■ About this exercise:
Lines in the data below that contain the word "with" are to be copied.

*** Records to use Section Begins ***

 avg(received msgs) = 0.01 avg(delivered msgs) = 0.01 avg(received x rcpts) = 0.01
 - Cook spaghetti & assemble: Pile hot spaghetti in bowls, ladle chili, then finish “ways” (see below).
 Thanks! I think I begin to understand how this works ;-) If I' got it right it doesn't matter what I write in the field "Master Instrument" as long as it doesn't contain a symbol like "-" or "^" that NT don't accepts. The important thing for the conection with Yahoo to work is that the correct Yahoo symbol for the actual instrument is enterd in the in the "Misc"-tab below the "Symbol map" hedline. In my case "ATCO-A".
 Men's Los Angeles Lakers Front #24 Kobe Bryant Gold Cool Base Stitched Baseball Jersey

*** Records to use Section Ends ***
*** Records to use Section Begins ***

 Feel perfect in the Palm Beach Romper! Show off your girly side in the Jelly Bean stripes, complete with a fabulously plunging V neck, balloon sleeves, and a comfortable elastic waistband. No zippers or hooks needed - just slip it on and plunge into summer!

*** Records to use Section Ends ***

■ Task answer:
 Thanks! I think I begin to understand how this works ;-) If I' got it right it doesn't matter what I write in the field "Master Instrument" as long as it doesn't contain a symbol like "-" or "^" that NT don't accepts. The important thing for the conection with Yahoo to work is that the correct Yahoo symbol for the actual instrument is enterd in the in the "Misc"-tab below the "Symbol map" hedline. In my case "ATCO-A".
 Feel perfect in the Palm Beach Romper! Show off your girly side in the Jelly Bean stripes, complete with a fabulously plunging V neck, balloon sleeves, and a comfortable elastic waistband. No zippers or hooks needed - just slip it on and plunge into summer!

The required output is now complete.